Hotfix 1102 - Cumulative 9.0.0 for CloudGen Firewall and SecureEdge.
Summary:
This hotfix now includes syslog streaming and Barracuda XDR capabilities for SecureEdge.
Fixes a kernel crash caused by configuration changes and session re-evaluations.
Hotfix 1110 - SecureEdge Security
Summary:
Fixes a routing issue on Azure Virtual WAN Edge Services.
- Allows configuration of several PPPoE devices.
- This hotfix now allows site-to-site traffic for IPsec tunnels with static routing over SecureEdge Azure Services.
Known Issues 9.0.1
- Authentication – The AzureAD user authentication via SecureEdge Manager does not work if the AzureAD user does not have a group affiliation. [BNNGF-92162]
- IPsec VPN – The IPsec IKEv2 VPN tunnel does not work with SD-WAN PIN policies. [BNNGF-92515]
- Re-imaging boxes via a USB drive with two ISO images does not work. The newest ISO image does not override the older one and makes the /art directory full. [BNNGF-92603]
- Bridge – Reconfiguring a WSG Bridge, leads to broken ARP negotiation and causes internet outages. [BNNGF-92703]
- SecureEdge Access Agent – The SecureEdge Access Agent does not work when the VPN service is not listening on fallback port 443. [BNNGF-93219]
What's New in Version 9.0.2
SecureEdge Access Mass Enrollment
The Barracuda SecureEdge Manager allows administrators for mass enrollment for SecureEdge Access with their respective devices. You can now enroll multiple groups and users at the same time
For more information, see How to Enroll Users in Barracuda SecureEdge.

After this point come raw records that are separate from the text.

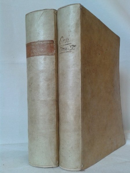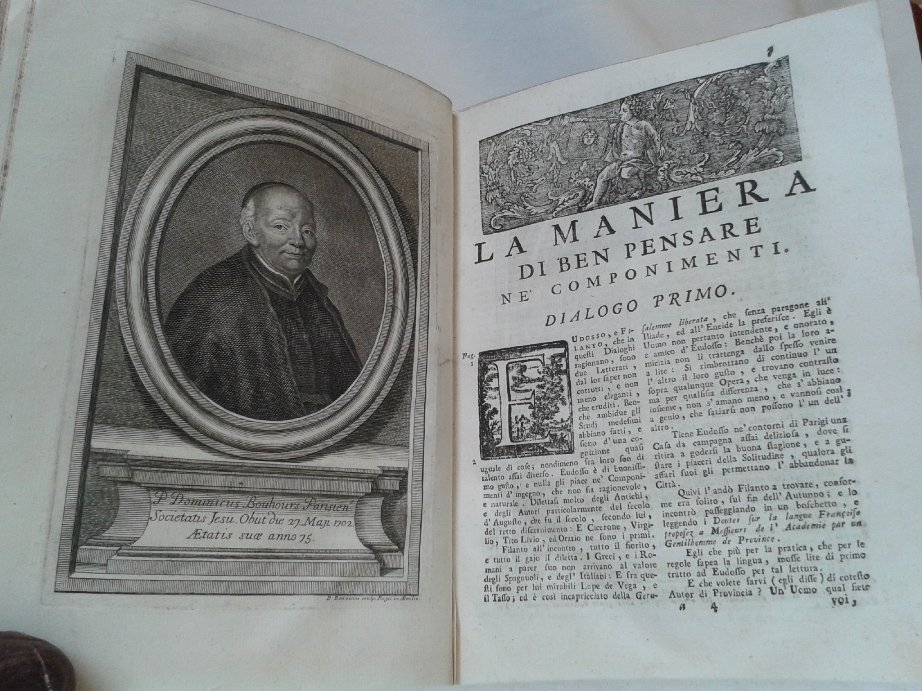Opera in due volumi in 4, legatura coeva in pergamena, titoli al dorso, ex libris figurato al verso del piatto, sguardie, 2 magnifiche tavole xilografiche in antiporta (una animatissima scena allegorica al primo volume ed un grande stemma araldico al secondo), frontespizi, prefazione e dedicatoria ad Antonio Rambaldo, XIX, (1), 1 tavola f.t. con ritratto dell'autore, occhiello, altra prefazione, 1 tavola con ritratto del gesuita Bouhours, 726, XXIV, 648 pp., testatine ornate, capilettera istoriati e finalini xilografici ornamentali a piena pagina. I due volumi raccolgono i testi di quella che Toffanin nel suo studio sull'Arcadia defin 'la prima polemica letteraria internazionale', che vide alcuni tra i maggiori eruditi e letterati italiani del tempo, tra i quali Eustachio Manfredi e Girolamo Baruffaldi, guidati dall'Orsi, schierarsi contro il gesuita francese Dominique Bouhours, che nel suo trattato sulla 'Maniera di ben pensare ne' componimenti' (1687) aveva accusato la tradizione poetica italiana di mancanza di verit e di eccesso di retorica. Come noto, anche il trattato 'Della perfetta poesia italiana' del Muratori (pubblicato anch'esso da Soliani, stampatore ducale a Modena, nel 1706) era stato in origine concepito come replica al padre Bouhours: cfr. il volume dedicato al Settecento nella 'Storia della letteratura italiana' diretta da Enrico Malato per l'editore Salerno. Splendida rara edizione, stampata su ottima carta vergata, ancor fresca e frusciante, molto curata editorialmente ed arricchita dalle 4 tavole f.t. e dai numerosi fregi ornamentali. In perfetto stato.
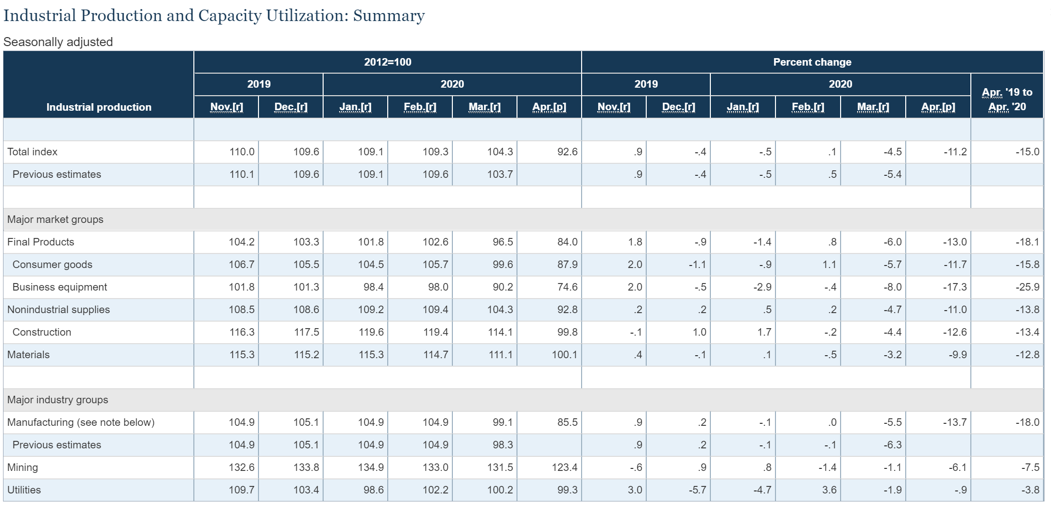 4月工业生产总值下降11.2%,为该指数101年历史上的最大月度降幅。制造业产值下降13.7%,也是有记录以来的最大降幅,所有主要行业都出现了下降。
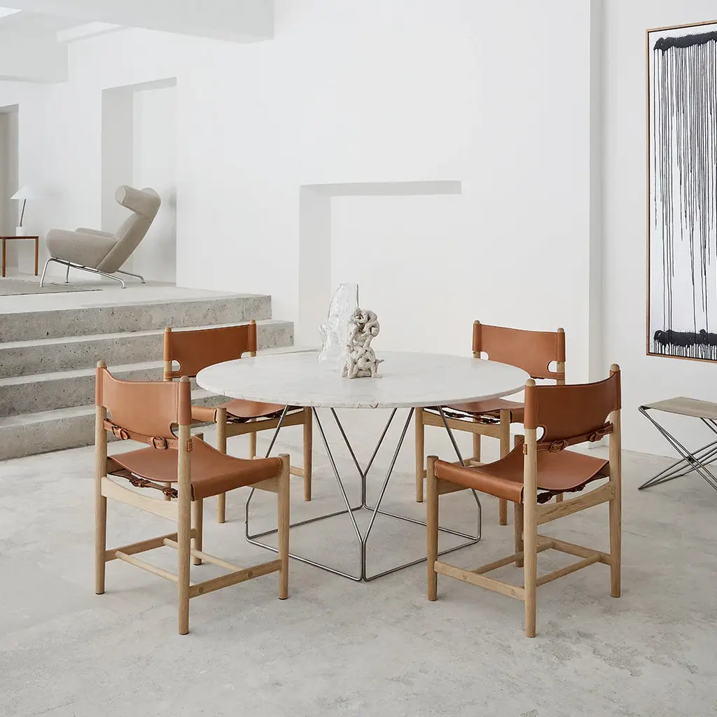 The JG Table expresses designer Jørgen Gammelgaard's desire to create a simple, elegant design with a supportive structure that would not limit the seating around the table. Providing remarkable stability, as well as an intriguing graphic aesthetic.

SecureEdge Access Global and User Settings
As of the 9.0.2 release, administrators can configure additional SecureEdge Access settings on global and user level. You are provided with several new safety features for SecureEdge Access, such as:
- Tamper Proof – User can no longer disable the SecureEdge Access Agent, unenroll the SecureEdge Access Agent, or quit SecureEdge Access Agent by right-clicking on the system tray.
- Device Pre-Logon – Enables numerous accounts on Windows to share the same enrollment link. Administrators can manage user devices running Windows without the user being logged in.
- User Device Limit – Refers to the number of devices the user is allowed to enroll.
In addition, you can now override the global SecureEdge Access/Default settings of the ZTNA features and create settings on a user level.
- User Override – You can override ZTNA features on each user level.
For more information, see How to Configure SecureEdge Access Global Settings and How to Configure SecureEdge Access User Settings.
Application Catalog Entries
The Barracuda SecureEdge Manager allows administrators to define applications to appear in the SecureEdge Access Agent app for quick access.
For more information, see How to Configure Application Catalog Entries
SecureEdge Zero Trust Access Dashboard
A new, Barracuda SecureEdge Zero Trust Access dashboard is now available. The Barracuda SecureEdge Manager allows you to create and customize your own SecureEdge Zero Trust Access dashboards in order to simplify the management of traffic information and status for connected users, resources, and custom applications. 
For more information, see How to Customize a SecureEdge Zero Trust Access Dashboard.
Known Issues 9.0.2
- ACL Rule – Setting up the source or destination criteria to all sites and all private Edge Services results in the same networks configured on the box. [SWCS-3988]
Known Issues Related to Azure Log Analytics (OMS)
On boxes with Azure Log Analytics (OMS) activated, the phibs service does not restart automatically after update. To get the service running, a reboot is required.